Hacker News new | ask | show | jobs
by carloswilson 2422 days ago
I appreciate that answering questions in a grilling interview is more difficult than asking questions, but ...

> “You don’t know? This was the largest data scandal with respect to your company, that had catastrophic impacts on the 2016 election. You don’t know?”

... but at the same time, I would certainly expect the chairman and CEO of a company to be more prepared to answer these difficult questions than what is reported in the original article. This was one of the biggest scams related to Facebook. I understand that Zukerberg's legal team may have advised him to be vague during the interview and he probably answered what is best for his company.

But as citizens of the world, we should never find such vague answers acceptable. The way Cambridge Analytica has upset the process of democracy and how Facebook data was used while doing so requires Facebook to be subject to such grilling. It should be made clear to Facebook in no uncertain terms that it needs to present answers and concrete answers.

5 comments

Sure, we should not find this dodging acceptable, but shouldn't we start by using this standard on the politicians themselves first? At least Zuckerberg is offering a service we can opt out of, that's not the same for what the politicians do.
In a very real way, that's not true.

Facebook's adoption is so high that even if you and I choose not to use it—choose to take every measure available to us to avoid personal interaction with anything Facebook does—we cannot avoid its effects, because of the millions of people around us who do not take that choice.

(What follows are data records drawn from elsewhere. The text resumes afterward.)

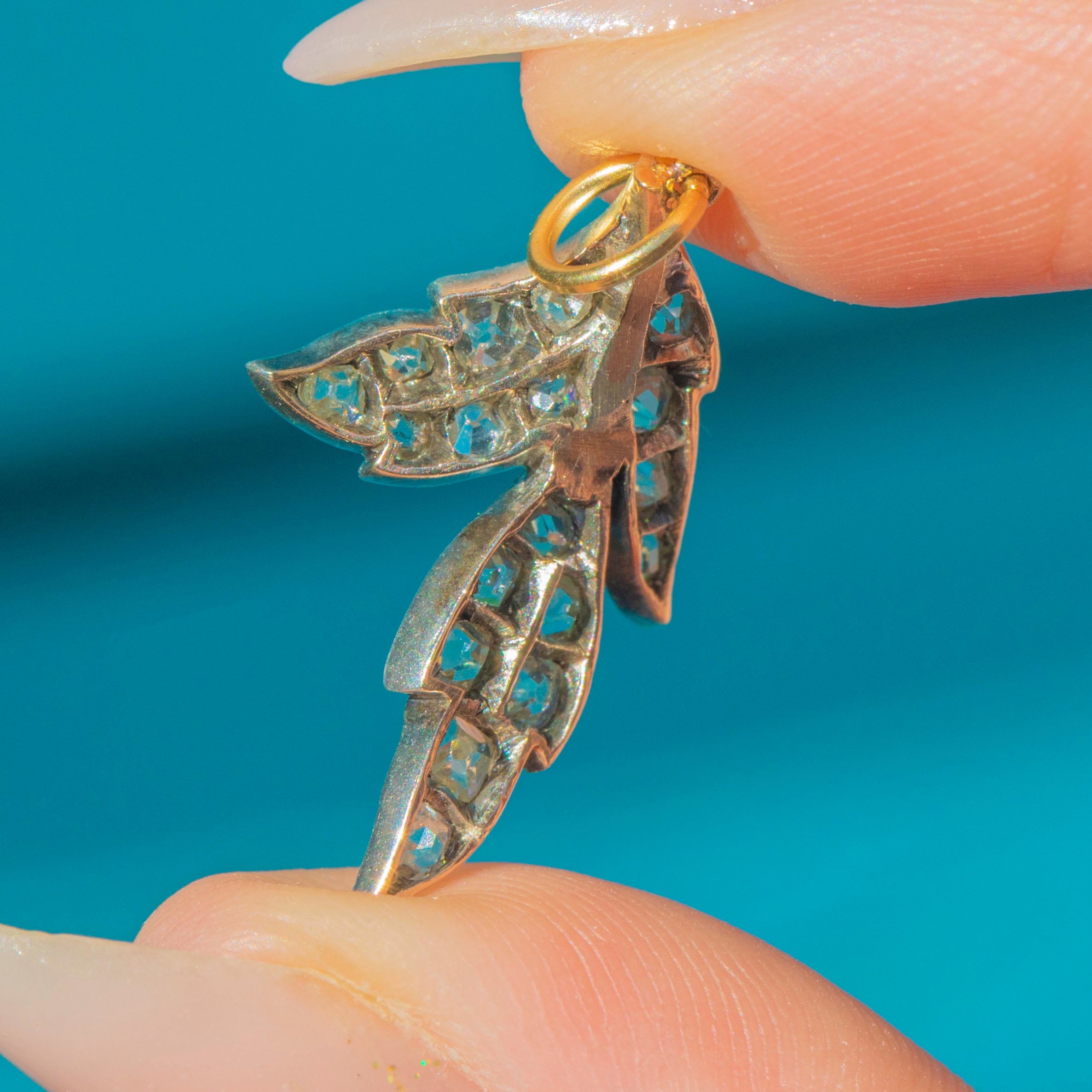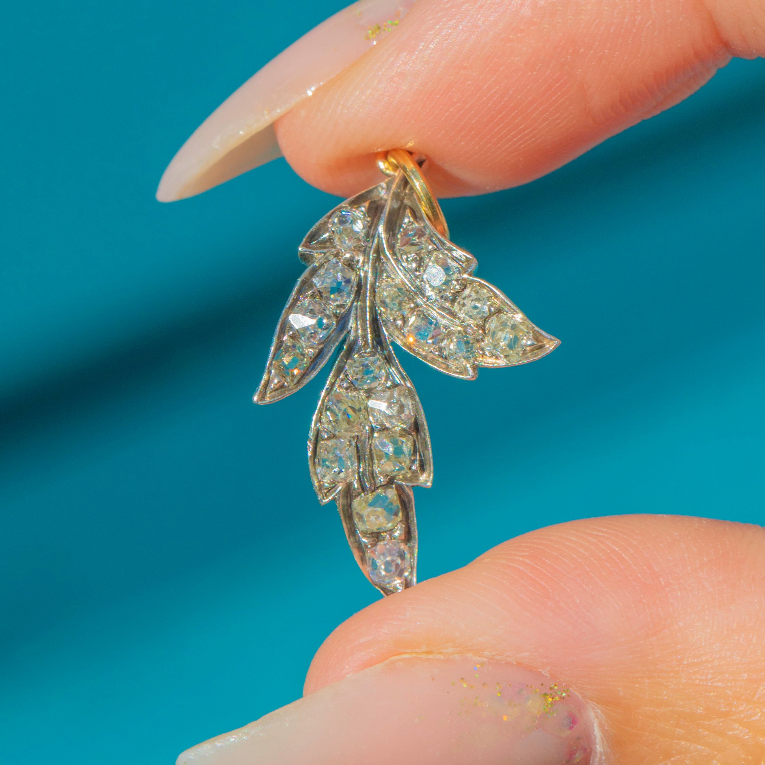 Large Antique 18ct & Silver Old Mine Cut Diamond Leaf Charm 0.70cts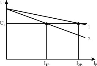 При параллельной работе обоих генераторов напряжения на их зажимах будут одинаковыми, но реактивные токи генераторов будут разными из-за различия их характеристик. Так, при напряжении Uн реактивные токи окажутся различными и будут составлять I1Р и I2P соответственно для первого и второго генераторов.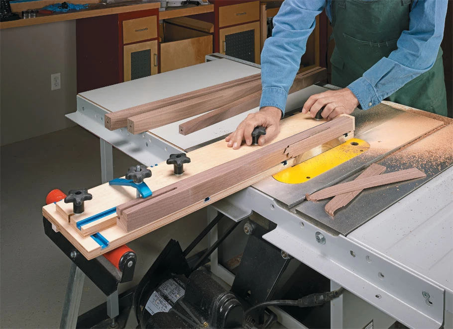 Cutting tapers at the table saw usually involves making a quick, one-use jig. This jig offers a permanent and flexible solution. This jig can be adjusted to cut two and four-sided tapers in almost any size leg. A side benefit to the adjustable features of the jig is that it allows you to tackle other tough cuts, like safely ripping a straight edge on rough-edged lumber.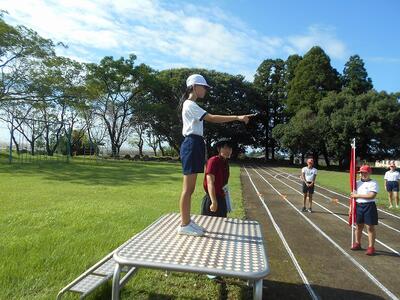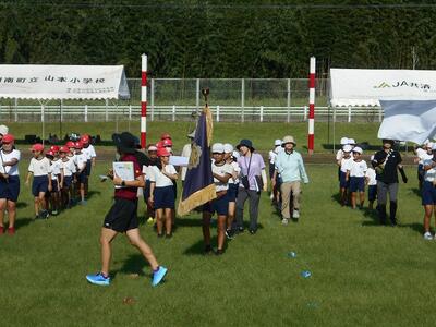 今回は、入場行進の練習と開会式のながれの確認を行いました。

Facebook can, without any exaggeration or doubt, influence elections in multiple countries. Treating Zuckerberg like he's the CEO of, say, Dropbox just doesn't fly anymore.

> This was one of the biggest scams related to Facebook.

It actually wasn’t but no one will listen to people familiar with what happened.

Please elaborate.
In 2009-2013 Facebook was under a lot of pressure to share their data with academic researchers. They didn’t have the resources to process information, anonymise and make those tables available and manage the relationship, the research project, etc. More importantly, they were afraid of data leaks from careless handling. One researcher with an interesting research topic on personality traits and impeccable credentials (Cambridge, great PhD advisor) started collecting information on his own with a personality test, an app the newly updated API. It seemed like an easy to manage relation, someone who knew about information security and a good test-balloon for engaging more with the academic community.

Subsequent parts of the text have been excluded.